So, I bought my first pair of Spanx last week to wear under my dress for my brother-in-law’s wedding. (Well, not actually Spanx another – I’m sure much lesser – brand from The Hudson’s Bay Company but you get the idea.)
I don’t think I fully understood what I was getting myself into.
I mean, these gitch are the envy of every granny-panty ever made. A single pair is about $50 – one pair of underwear, essentially – and mine are the cheap knock-offs!
However, I need them to wear under fancy dresses and the like to smooth out what I will call my “life lines”: the extra bits of me that have grown from experiences like birthing too many children and eating too many Lays Dill Pickle Chips. Yep, that’s right. I paid good money to strategically stuff pieces of me into the largest pair of undies you’ve ever seen. A pretty picture? Maybe.
Yes, I could just sport a lovely muumuu to the family wedding but if it is a choice between grandma’s outerwear and grandma’s underwear I’d rather hide this necessary evil and pretend my weight issues away. The muumuu is a dead giveaway that I have been eating like a cow. (I realize this blog is too, but so few people read it.)
So, the big day arrives. I’m prepping for my debut as a 10-pound-lighter-looking goddess in the bathroom of the Holiday Inn because I know there will be no end of photography on this occasion. I’m showered, shaved, newly coiffed, and ready to go out into the world until I try on my undergarments. And they suck.
Ladies, it is no small feat to get into these things, let me tell you. It is no spa treatment. I could pay the same cash for a lovely pedi and be much less aware of my shortcomings. Because, after squeezing my parts into the proper places with several grunts of dismay, I stood in front of the mirror and realized one simple thing.
I am NOT 10 pounds lighter.
I am merely bound by the modern equivalent of the corset and my lack of self-discipline.
Spanx are a merely a Band-Aid solution.

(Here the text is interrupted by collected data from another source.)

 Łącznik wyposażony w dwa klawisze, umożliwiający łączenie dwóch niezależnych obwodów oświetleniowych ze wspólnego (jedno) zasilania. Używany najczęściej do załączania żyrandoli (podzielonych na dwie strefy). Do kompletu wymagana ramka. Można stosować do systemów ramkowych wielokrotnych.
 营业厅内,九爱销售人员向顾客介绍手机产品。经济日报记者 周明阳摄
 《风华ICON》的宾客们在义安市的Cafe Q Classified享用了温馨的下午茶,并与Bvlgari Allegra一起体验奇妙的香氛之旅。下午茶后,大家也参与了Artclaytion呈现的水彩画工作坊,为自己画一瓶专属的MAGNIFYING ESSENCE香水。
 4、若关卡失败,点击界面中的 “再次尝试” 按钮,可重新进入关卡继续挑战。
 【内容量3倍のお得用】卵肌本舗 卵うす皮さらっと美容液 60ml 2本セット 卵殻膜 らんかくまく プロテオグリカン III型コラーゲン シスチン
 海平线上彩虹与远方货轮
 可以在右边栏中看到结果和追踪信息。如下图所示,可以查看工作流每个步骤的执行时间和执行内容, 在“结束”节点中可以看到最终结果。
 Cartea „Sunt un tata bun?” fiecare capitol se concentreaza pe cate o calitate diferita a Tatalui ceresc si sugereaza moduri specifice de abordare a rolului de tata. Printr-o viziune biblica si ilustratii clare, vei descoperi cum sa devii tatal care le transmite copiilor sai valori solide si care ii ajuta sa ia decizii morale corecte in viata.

Sure, they work wonders to conceal my flaws for a few hours but nothing has really changed. It’s all a façade.
As many of you know, I have struggled for sometime to maintain a healthy lifestyle but it is so much easier to stuff it than to actually make changes. I am weak and my resolutions fail and I continue to find myself in front of the mirror, confronting the truth.

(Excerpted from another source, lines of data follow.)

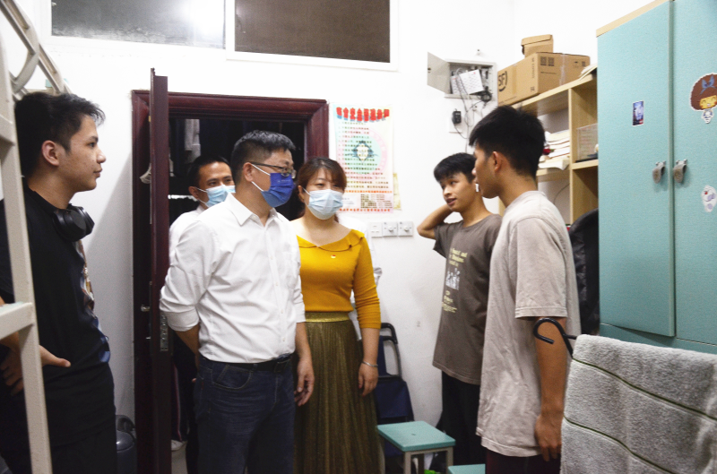 检查过程中,何斌书记一行与学生亲切交流,倾听学生的心声,深入了解学生的学习、生活、思想动态,并重点查看了宿舍内务、安全隐患情况,叮嘱同学们要提高安全和疫情防控意识,做好个人防护,做自己健康安全的第一负责人。何斌书记对同学们提出了殷切希望:一是提高政治站位,严格落实疫情防控各项措施,提升安全防范和宿舍自我管理的意识;二是充分开阔视野,将实践与课堂深度融合,提升专业技能;三是做好个人规划,养成良好学习习惯,注重综合素质发展。
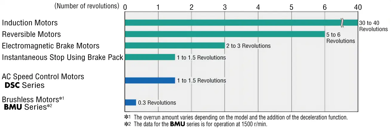 Overrun can be reduced when an electromagnetic brake motor or instantaneous stop function are used.
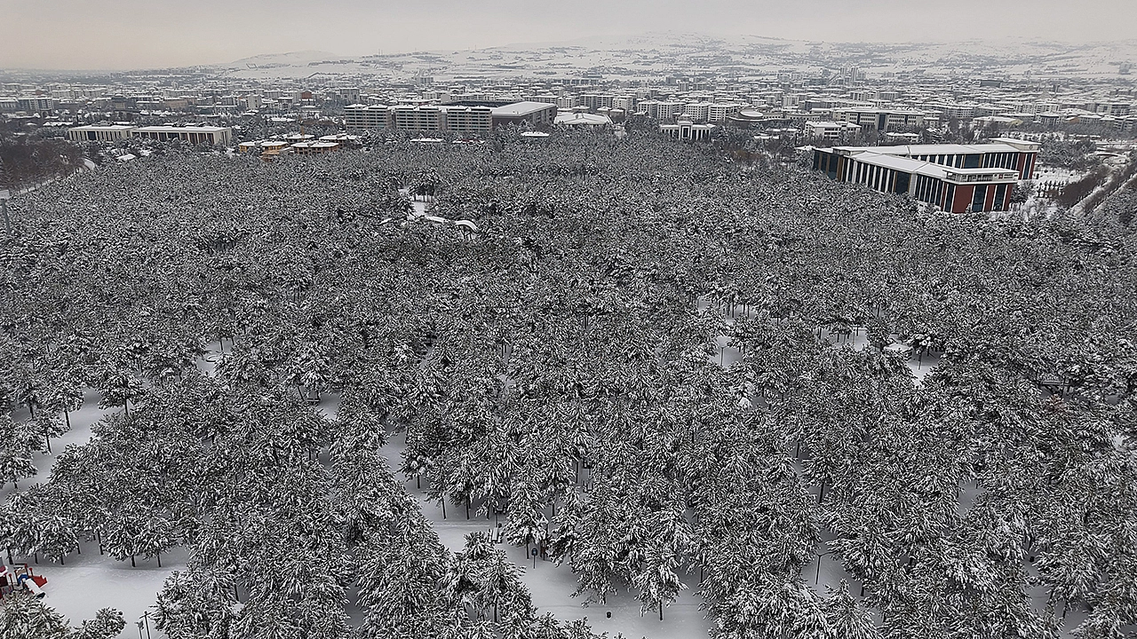 Kar yağışı sonrası oluşan manzaralar bu kez yüksek rakımlı dağlardan değil, Elazığ’ın merkezinden kaydedildi. Beton binalar ve ana arterlerle çevrili Fırat Üniversitesi kampüsü içerisindeki ormanlık alan, karla birlikte şehir merkezinde dev bir kış bahçesi görünümü kazandı.
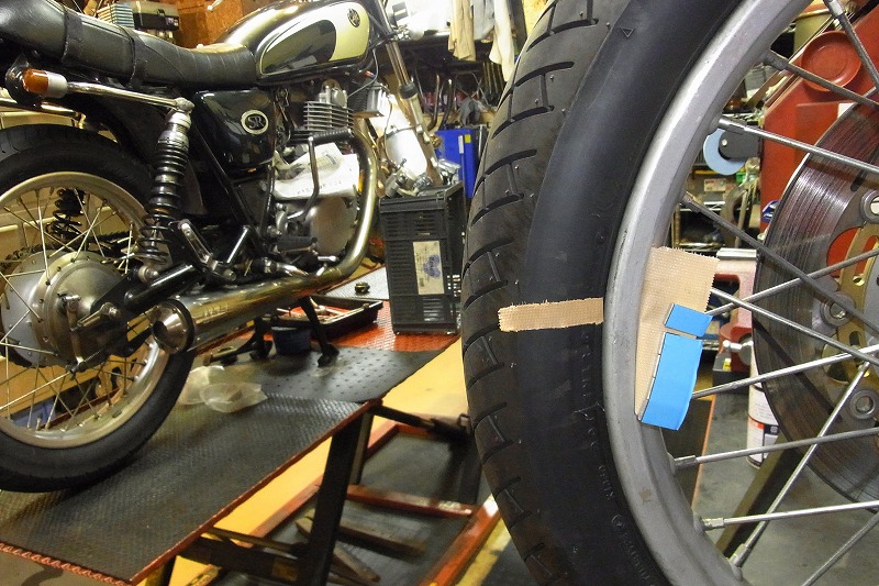 他店様で交換したフロントタイヤ、バランス取りをご希望されましたので。
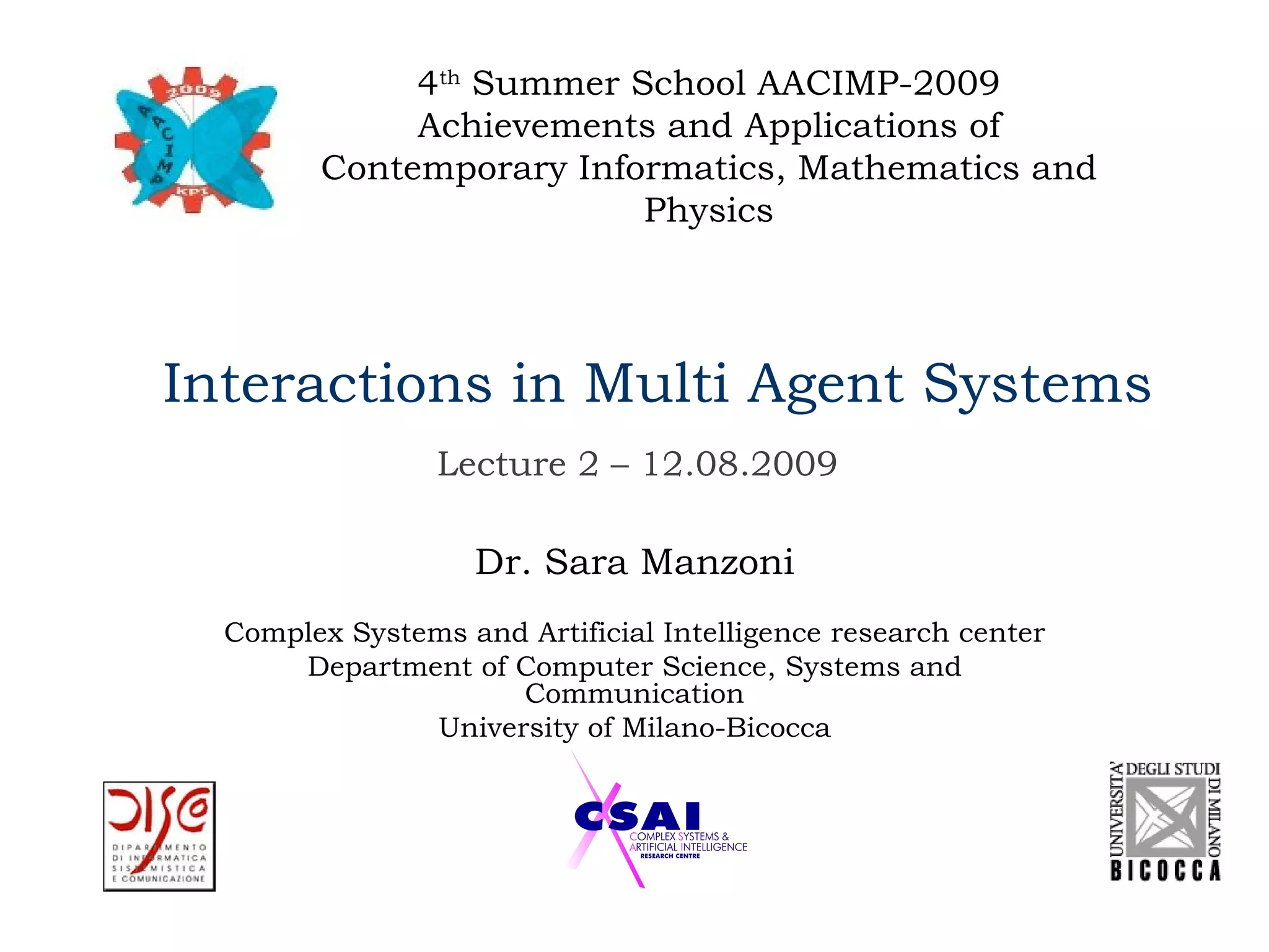 The document discusses the design and modeling of multi-agent systems (MAS), highlighting their capabilities to interact and collaborate in structured environments to achieve common goals. It categorizes types of interactions, such as cooperation, competition, and collaboration, and explores the significance of communication and resource management among agents. Various interaction models, including direct and mediated interactions, are examined alongside their advantages and challenges in facilitating effective agent communication.

And the fact that Spanx (and wannabe Spanx) fly off the shelves indicates to me that I may not be alone in this battle against the bulge. C’mon friends, surely I’m not the only muffin-topper out there that needs some encouragement!
How can we come together to create a prettier picture that embraces health and wellness in all its forms – including our bodies? How can we get beyond the lies we tell ourselves and really find some freedom?
Maybe if we all rally together we can help each other confront the truths about this deeply spiritual issue. Is it possible?
Is it time for a support group instead of support panties? I’d like to think so. Let me know if you are in.